The comment was uploaded in the form of a supplement: https://egusphere.copernicus.org/preprints/2022/egusphere-2022-648/egusphere-2022-648-RC2-supplement.pdf

Citation: https://doi.org/10.5194/egusphere-2022-648-RC2

Interactive discussion

Status: closed

CEC1:
'Comment on egusphere-2022-648', Juan Antonio Añel, 24 Aug 2022

Dear authors,
We have detected some missing material in your manuscript. Since your work is an application of deep learning techniques, we need that you include with your manuscript the input and output files used and obtained. You state that you are using as input data output files from COSMO. We do not need the complete output files from COSMO but the fields and variables you use. This is important information to assure minimum replicability of your results, as they depend critically on the input and much more than works using other models.
Therefore, please, publish the data in one of the appropriate repositories (b2share is ok), and reply to this comment with the relevant information (link and DOI) as soon as possible, as it should be available for the Discussions stage.
Also, in this way, you must include in a potential reviewed version of your manuscript the modified 'Code and Data Availability' section, with the DOI of the data.
Juan A. Añel

Geosci. Model Dev. Exec. Editor

Citation: https://doi.org/10.5194/egusphere-2022-648-CEC1
- AC1:
  'Reply on CEC1', Adrian Rojas Campos, 04 Sep 2022
  
  Dear Editor,
  We are very sorry for our late reply. We faced some difficulties moving the data from JSC HPC to B2Share, which delayed our response.
  The data can be found under the direction: http://doi.org/10.23728/b2share.60c69270d36243779fd771c2fd81fc87 and this link will be included in the paper.
  Unfortunately due to B2Share limitations, we were not able to additionally share the final tfrecords. However, using Jupyter Notebook preprocessing.ipynb provided in the git of the paper (https://github.com/DeepRainProject/models_for_radar) the tfrecords files can be produced using the provided files.
  Best regards,
  
  Citation: https://doi.org/10.5194/egusphere-2022-648-AC1
  - CEC2: 'Reply on AC1', Juan Antonio Añel, 13 Oct 2022
    
    Dear authors,
    Checking the data availability of your manuscript, and after a check of the terms of b2hare, it has come out that we can not accept it as a suitable repository. In terms of service, b2share states that data storage is only assured for two years, and such a period is not enough. We usually request a minimum of ten years, ideally twenty.
    Therefore, please, could you change the repository to a suitable one? For example, we could accept Zenodo.org, PANGAEA or FigShare.
    Many thanks,
    Juan A. Añel
    Geosci. Model Dev. Executive Editor
    
    Citation: https://doi.org/10.5194/egusphere-2022-648-CEC2
    
    AC4: 'Reply on CEC2', Adrian Rojas Campos, 24 Oct 2022
    
    Dear Editor,
    We have uploaded the datasets to a new repository in Zenodo.org. You can find the files under the direction: https://doi.org/10.5281/zenodo.7244319
    Best regards,
    
    Citation: https://doi.org/10.5194/egusphere-2022-648-AC4
RC1:
'Comment on egusphere-2022-648', Anonymous Referee #1, 05 Sep 2022

comments:

The authors trained and evaluated five different deep learning models to generate precipitation maps. The manuscript is well-written in overall and provide clear description of results. There are some comments to help the authors to further improve this manuscript.

1. Introduction section

(1) there is a confusion about scientific question. Did it compare different model algorithms or generate precipitation map or both?

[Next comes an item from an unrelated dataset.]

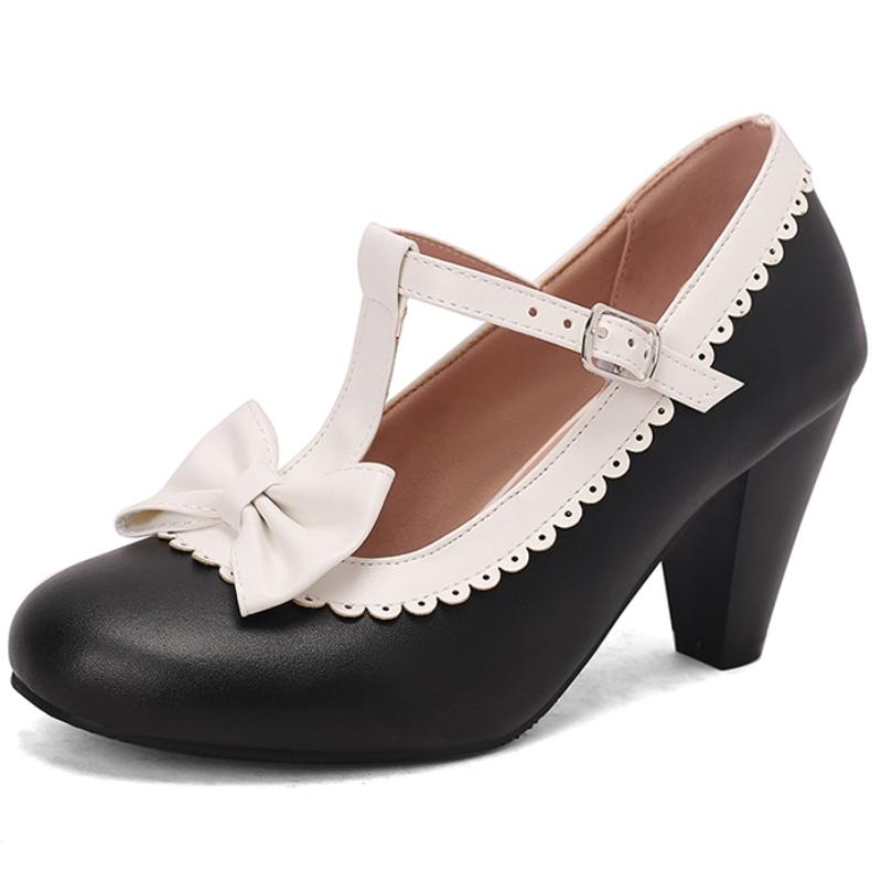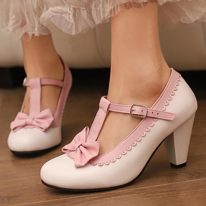 Сладкие туфли Лолита для девочек, милый бант, розовые, черные, белые, женские туфли-лодочки, ремешок на щиколотке, элегантные, для вечеринки, свадебные туфли, женские

(2) What is the novelty of this study? Just complete set of variables?

(3) There is a lack of some references in this section, such as line 22 “Among the most successful methods are the Numerical Weather Predictions models (NWP), which consist of systems of equations that simulate the dynamics of the atmosphere and provide highly accurate weather forecasts over long periods.” Line 27 “However, NWP models still preserve some limitations, the most important being the large number of computational resources

needed to generate forecasts” and so on. Please double check the whole text.

2. Data section

(1) I think it is not well-structured. There is no information about study area, and some information lacks of reference. Thus, I do not know is it your result or others, such as “The south-western part is characterized by low precipitation amounts between 500 and 700mm/yr due to lee effects of the Eifel mountain range”.

(2) Please give more descriptions about COSMO-DE-EPS forecast, providing more information or reliability for readers.

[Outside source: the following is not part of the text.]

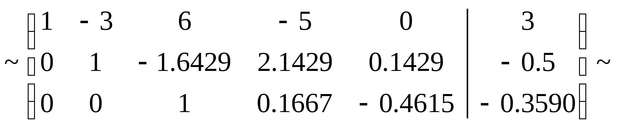 » A = 1 -3 6 -5 0 4 2 1 10 2 2 0 -9 1 6 B = 3 5 7 - - = = 1 = = - - Стандартное решение посредствам системы MatLab X = A\B X = 0 0 0.5427 0.0513 1.9722 Невязка Eps = 1.0e-015 * 0.8882 0 0 Евклидова норма N = 2.0462 - - = = 2 = = - - Решение MatLab c первоначальной диагонализацией по методу Гауса X = 0 0 0.5427 0.0513 1.9722 Невязка Eps = 1.0e-015 * 0 -0.2220 0.0555 Евклидова норма N = 2.0462 - - = = 3 = = - - Решение системы функцией SLAE Вектор решения минимизированный по евклидовой норме 0.8957 -0.4673 0.1265 0.0113 1.0560 Евклидова норма вектора решений 1.4669 Невязка Eps = 1.0e-015 * 0.4441 0 0 % SLAE % The decision of System of the linear algebraic equations % Решение системы линейных уравнений с минимизацией % вектора решения по евклидовой норме. % % Входные параметры: % A - матрица коэффициентов системы % B - вектор столбец решения системы % Выходные параметры: % X - вектор решений (A * X = B), минимизированный по норме % N - Евклидова норма % Eps - невязка B - A*X function [X, N] = SLAE(A, B) if (nargin < 2) error('Необходимо ввести матрицу системы и вектор свободных коэффициентов'); end; %Если матрица коэффициентов системы нулевая, %то вывод сообщения об ошибки и выход if (A == 0) error('Неправильное задание параметров'); end % m - число строк, n - число столбцов [m, n] = size(A); %Проверка на совместность системы if rank(A) ~= rank([A, B]) disp('Система не совместна'); for i = 1 : n X(i) = NaN; end X = X'; N = 0; return end % Если высота матрицы а и столбца b не совпадают % то выдача диагностирующего сообщения if m ~= length(B) error('Высота матрицы A и столбца B не совпадают'); end % Приведение расширенной матрицы A|B к диагональному виду A = rref([A, B]); B = A(:, n + 1); A = A(:, 1 : n); %m - число базисных строк m = rank(A); %Расчет коэффициентов С(1)..С(n-m), при которых вектор решения Х %будет минимальным по евклидовой норме. Приравнивая частные производные %нулю, составляем матрицу коэффициентов в и матрицу свободных коэффициентов E. %Соответствующие формулы смотрите в описании к программе. % i - номер строки, j - номер элемента в строке (номер столбца) for i=1:(n-m) for j=1:(n-m) D(i,j) = 0; for k=1:m D(i,j)=D(i,j)+A(k,i+m)*A(k,j+m); end if i==j D(i,j)=D(i,j)+1; end end E(i)=0; for k=1:m E(i)=E(i)+B(k)*A(k,i+m); end end %Транспонирование вектора-строки E в вектор-столбец и %вычисление коэффициентов С(1)..С(n-m) E = E'; C = в \ E; %Вычисление вектора решений в соответствии с найденными коэффициентами for k = m+1 : n X(k) = C(k-m); end for k = 1 : m X(k) = B(k); for j = 1 : (n - m) X(k) = X(k) - A(k, j+m)*X(j+m); end end %Транспонирование вектора-строки X в вектор-столбец X = X'; %Вывод РЕЗУЛЬТАТОВ disp('Вектор решения минимизированный по евклидовой норме'); disp(X); N = norm(X, 'fro'); disp('Евклидова норма вектора решений'); disp(N); %disp('Невязка Eps ='); %Eps = B - A*X return %Тестирование функции решения систем линейных алгебраических уравнений SLAE %Пример 1 % Матрица коэффициентов при неизвестных A = [ 1 -3 6 -5 0; 4 2 1 10 2; 2 0 -9 1 6 ] % Матрица свободных членов B = [ 3; 5; 7 ] % --== 1 ==-- disp('- - = = 1 = = - -'); disp('Стандартное решение посредствам системы MatLab X = A\B'); X = A\B; disp('X = '); disp(X); disp('Невязка Eps = ') disp(B - A*X); disp('Евклидова норма N = ') disp(norm(X, 'fro')); % --== 2==-- disp('- - = = 2 = = - -'); disp('Решение MatLab c первоначальной диагонализацией по методу Гауса'); % Приведение расширенной матрицы A|B к диагональному виду [m, n] = size(A); A = rref([A, B]); B = A(:, n + 1); A = A(:, 1 : n); X = A\B disp('Невязка Eps = '); disp(B - A*X); disp('Евклидова норма N = '); disp(norm(X, 'fro')); % --== 3 ==-- disp('- - = = 3 = = - -'); disp('Решение системы функцией SLAE'); % Повторный ввод параметров A = [ 1 -3 6 -5 0; 4 2 1 10 2; 2 0 -9 1 6 ]; B = [ 3; 5; 7 ]; [X, N3] = SLAE(A, B); disp('Невязка Eps = '); disp(B - A*X); |

(3) Please give full name of “RW, YW, RQ” when they are first used in this study.

3. Methodology section

Please give more descriptions about five deep learning models, such as:

(1ï¼Why choose these five models in this study?

(2) How to setup these models in this study? For example, how to choose variables? How to calibrate and validate model parameters? How to deal with the correlation of independent variables?

(3) The setup is done by this work or referred from other study?

4. Result section

In this section, the key information is from Table 2 and Figure 3. But it confused me that COSMO-DE-EPS data in Table 2 is original data or after correction? Maybe I missed some information. If it had been corrected by observation, it is not surprised that it has good performance.

5. Conclusions section

In this section, authors presented a summary of results. Maybe authors can discuss some uncertainties about five models, such as the parameters and the influences of model uncertainty on precipitation generation results.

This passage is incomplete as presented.